**TASK INSTRUCTIONS**: All that is wanted is the exact text of the lines below from the one with "Bella legatura coeva" through the one with "2025 새로운 텐셀", inclusive, minus any pictures.

**INFORMATION PROVIDED**:

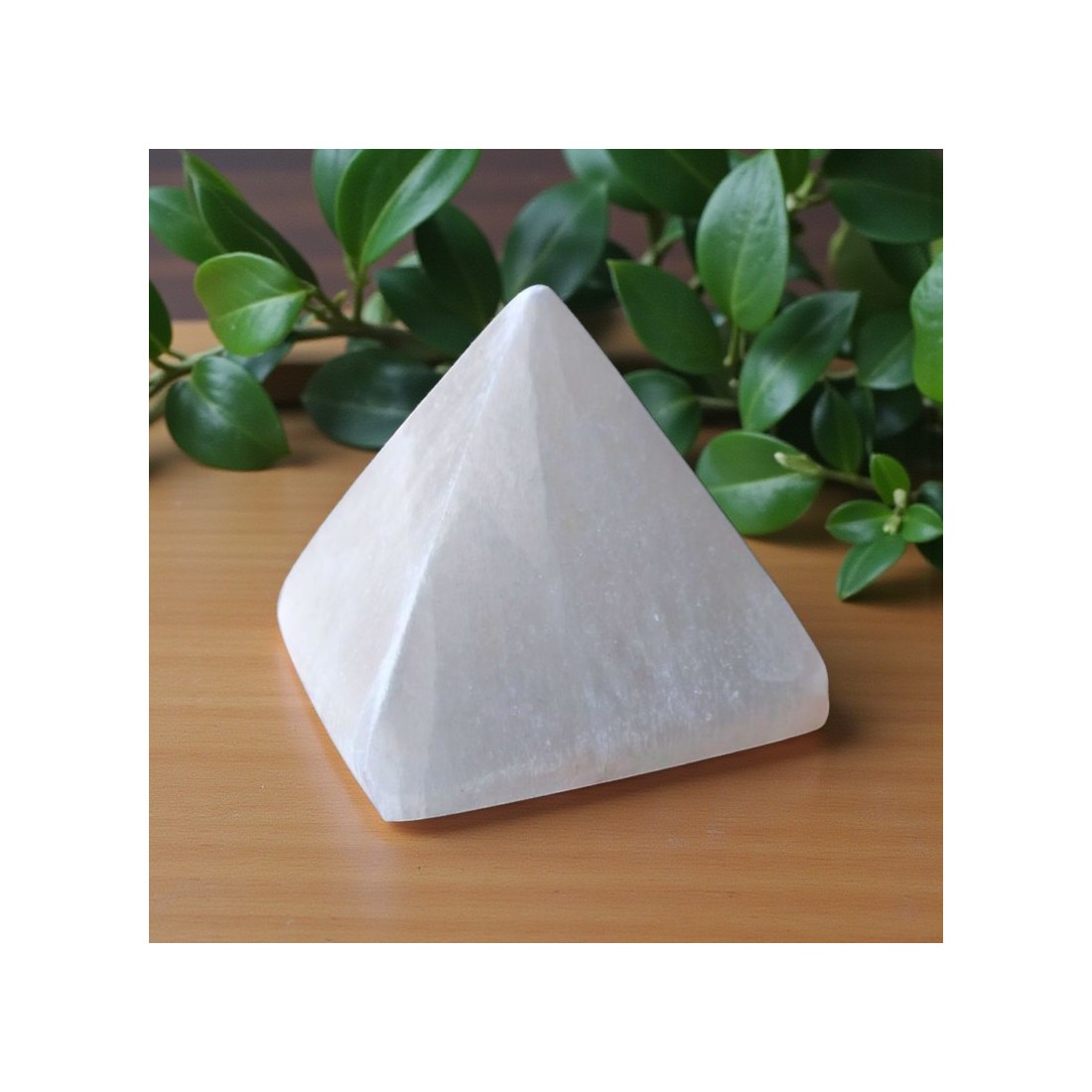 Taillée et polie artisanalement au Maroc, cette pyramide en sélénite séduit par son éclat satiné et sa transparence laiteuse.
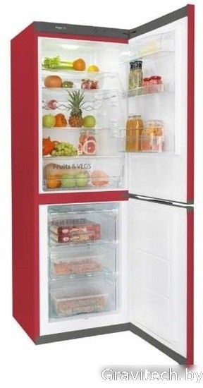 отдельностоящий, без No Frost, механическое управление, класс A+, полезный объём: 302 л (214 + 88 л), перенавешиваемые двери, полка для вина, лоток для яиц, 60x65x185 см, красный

* * *

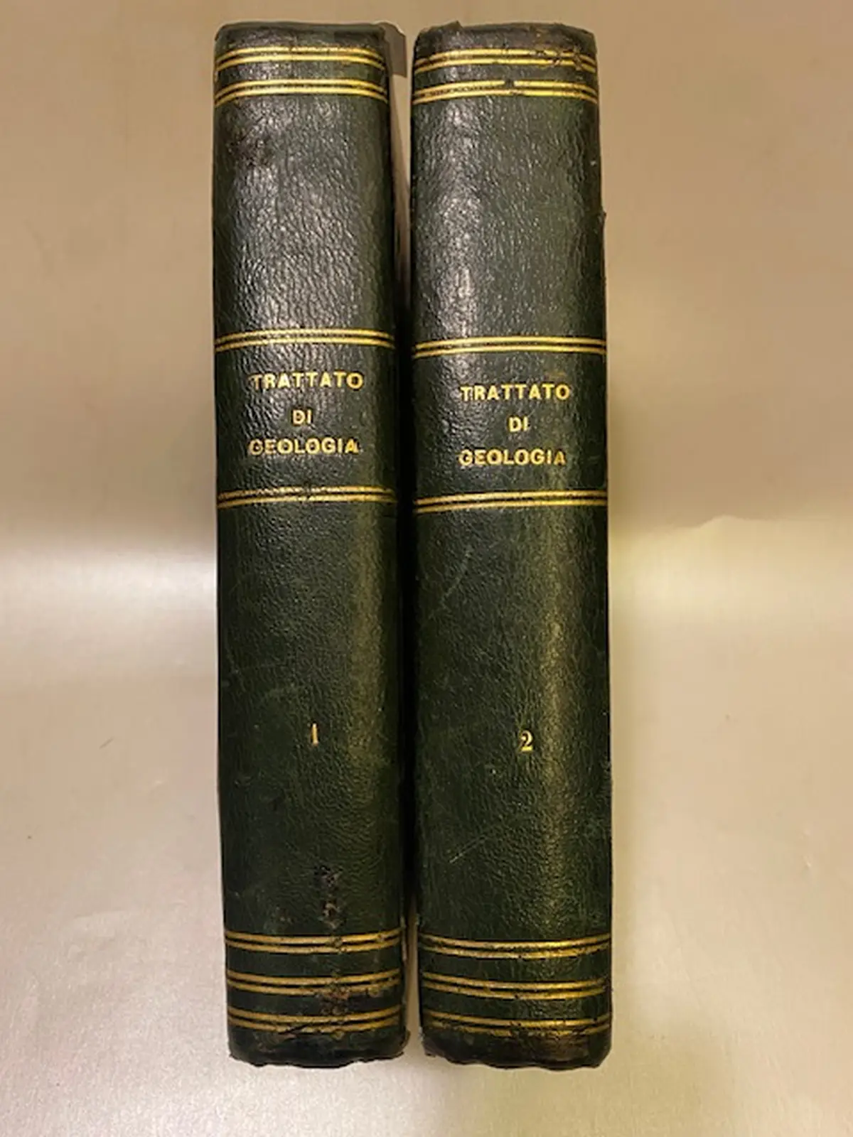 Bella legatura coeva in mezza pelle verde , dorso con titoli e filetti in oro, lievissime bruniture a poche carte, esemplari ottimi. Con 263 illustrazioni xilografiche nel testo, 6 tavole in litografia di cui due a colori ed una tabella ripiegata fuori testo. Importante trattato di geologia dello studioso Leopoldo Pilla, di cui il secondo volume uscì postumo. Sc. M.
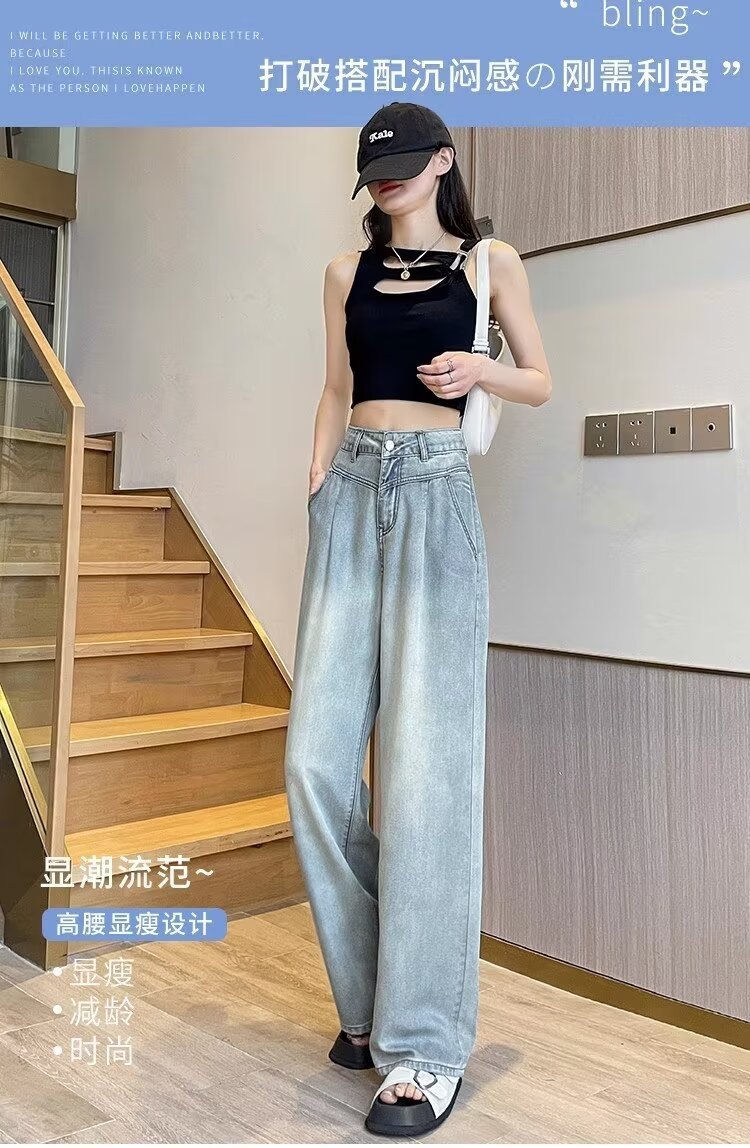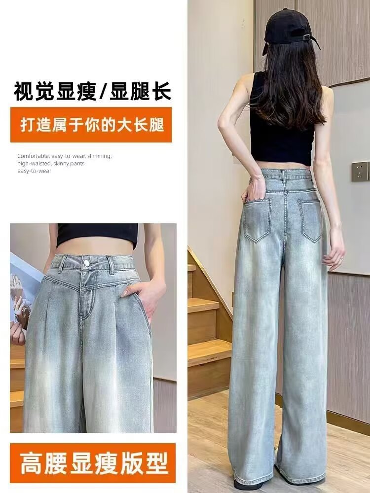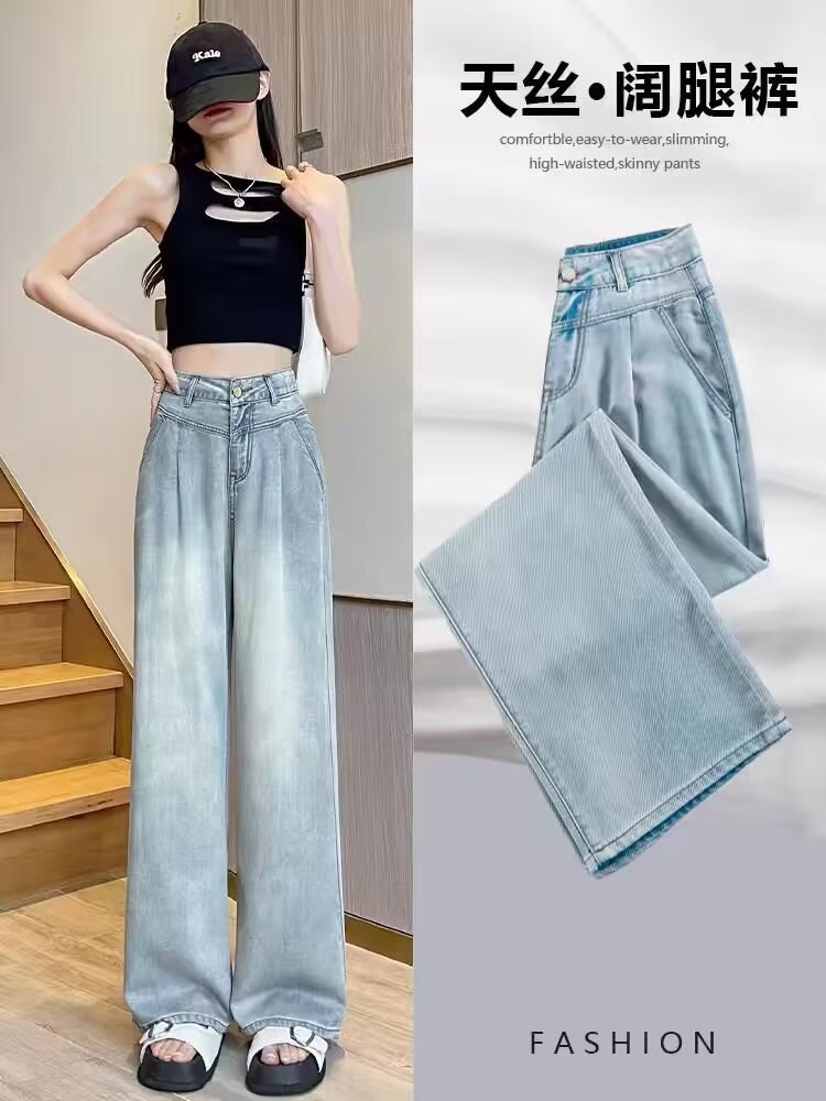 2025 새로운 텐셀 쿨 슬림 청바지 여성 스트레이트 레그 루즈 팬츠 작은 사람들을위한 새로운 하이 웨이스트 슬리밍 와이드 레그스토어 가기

* * *

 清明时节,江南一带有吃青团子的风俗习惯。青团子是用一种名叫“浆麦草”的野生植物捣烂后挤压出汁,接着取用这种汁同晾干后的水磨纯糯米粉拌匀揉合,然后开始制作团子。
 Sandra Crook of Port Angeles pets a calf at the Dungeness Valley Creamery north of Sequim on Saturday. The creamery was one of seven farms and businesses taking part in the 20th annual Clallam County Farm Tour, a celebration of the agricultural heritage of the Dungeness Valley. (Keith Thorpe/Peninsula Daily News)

**WRITTEN SOLUTION**:
 Bella legatura coeva in mezza pelle verde , dorso con titoli e filetti in oro, lievissime bruniture a poche carte, esemplari ottimi. Con 263 illustrazioni xilografiche nel testo, 6 tavole in litografia di cui due a colori ed una tabella ripiegata fuori testo. Importante trattato di geologia dello studioso Leopoldo Pilla, di cui il secondo volume uscì postumo. Sc. M.
 2025 새로운 텐셀 쿨 슬림 청바지 여성 스트레이트 레그 루즈 팬츠 작은 사람들을위한 새로운 하이 웨이스트 슬리밍 와이드 레그스토어 가기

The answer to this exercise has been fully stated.